Scott G. Bullock is an American lawyer who focuses on property rights issues such as eminent domain and civil forfeiture. He has been President and General Counsel at the Institute for Justice since 2016, a nonprofit libertarian public interest law firm. He represented Susette Kelo in Kelo v. City of New London, an eminent domain case decided by the Supreme Court in 2005. Bullock was a senior attorney before becoming the president of the institute and directed many cases on state and federal level. In 1994 he represented the institute in a forum on C-SPAN.

Education
Bullock was born in Guantanamo Bay, Cuba, and grew up in suburban Pittsburgh, Pennsylvania. He received his B.A. in economics and philosophy from Grove City College and his J.D. degree from the University of Pittsburgh School of Law. Bullock joined the Institute for Justice at its founding in 1991.

Career
Bullock was lead co-counsel in the 2005 Supreme Court case Kelo v. City of New London. After the decision by the high court to allow the City of New London to seize the homes and businesses of current residences to make room for a "90-acre office, hotel, and housing complex", Bullock said that it was "a sad day for the country and a sad day for the Constitution."

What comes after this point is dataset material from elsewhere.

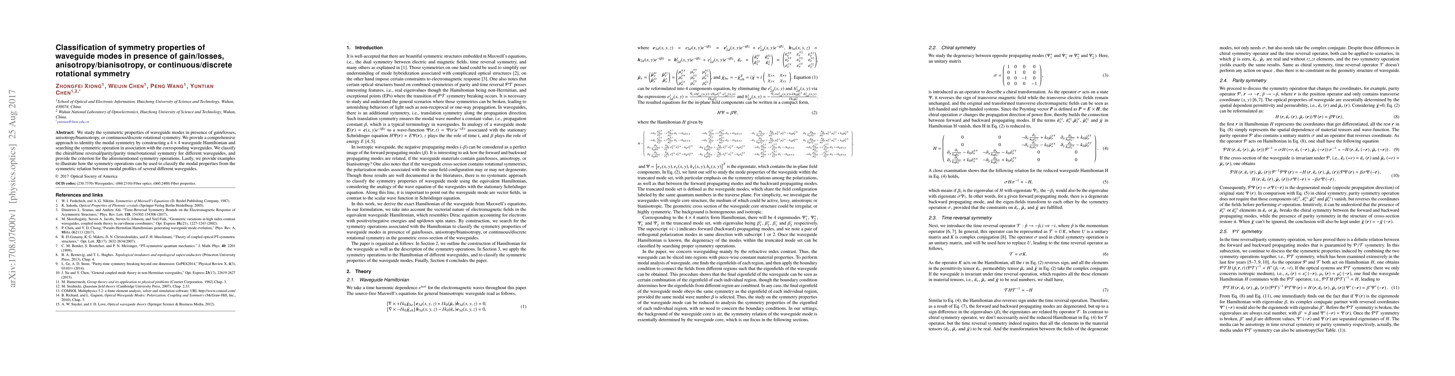 We study the symmetric properties of waveguide modes in presence of gain/losses, anisotropy/bianisotropy, or continuous/discrete rotational symmetry. We provide a comprehensive approach to identity the modal symmetry by constructing a $4\times4$ waveguide Hamiltonian and searching the symmetric operation in association with the corresponding waveguides. We classify the chiral/time reversal/parity/parity time/rotational symmetry for different waveguides, and provide the criterion for the aforementioned symmetry operations. Lastly, we provide examples to illustrate how the symmetry operations can be used to classify the modal properties from the symmetric relation between modal profiles of several different waveguides.
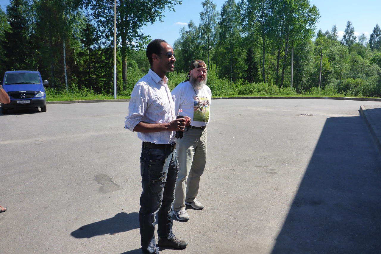 Nach erfolgreicher Passage der estnisch-russischen Grenze werden wir von Sergej (rechts von Arthur, einer unserer Tourguides) begrüßt. Die Grenzkontrollen liefen zügig und korrekt ab, mein Fahrzeug wurde von zwei russischen Grenzbeamten unabhängig voneinander inspiziert, die Ausstattung des HZJ 78 interessierte sie und schien ihnen zu gefallen. Die Kontrollen bei der Ausreise an der estnischen Grenze der EU dauerten genauso lange wie die bei der Einreise an der russischen, jeweils etwa 1,5 Stunden. Jetzt bewegen wir uns außerhalb des Schengenraums, zunächst noch bis zum Ural in Europa.

Bullock has also been successful in winning cases of lawsuits in New Jersey, Tennessee as well as in Mississippi.

Bullock has advocated against government use of civil forfeiture. He has said that when the police pull drivers over for minor traffic infractions and seize their cash, they do not "respect fundamental notions of due process." He represented Russ Caswell when the police tried to seize Caswell's motel in Tewksbury, Massachusetts after incidents of illegal drug activity on the premises.

He called the practice of equitable sharing, in which state and federal law enforcement share the proceeds of seized assets, a violation of federalism. He has been involved in First Amendment and commercial speech cases. He is an advocate for parental rights.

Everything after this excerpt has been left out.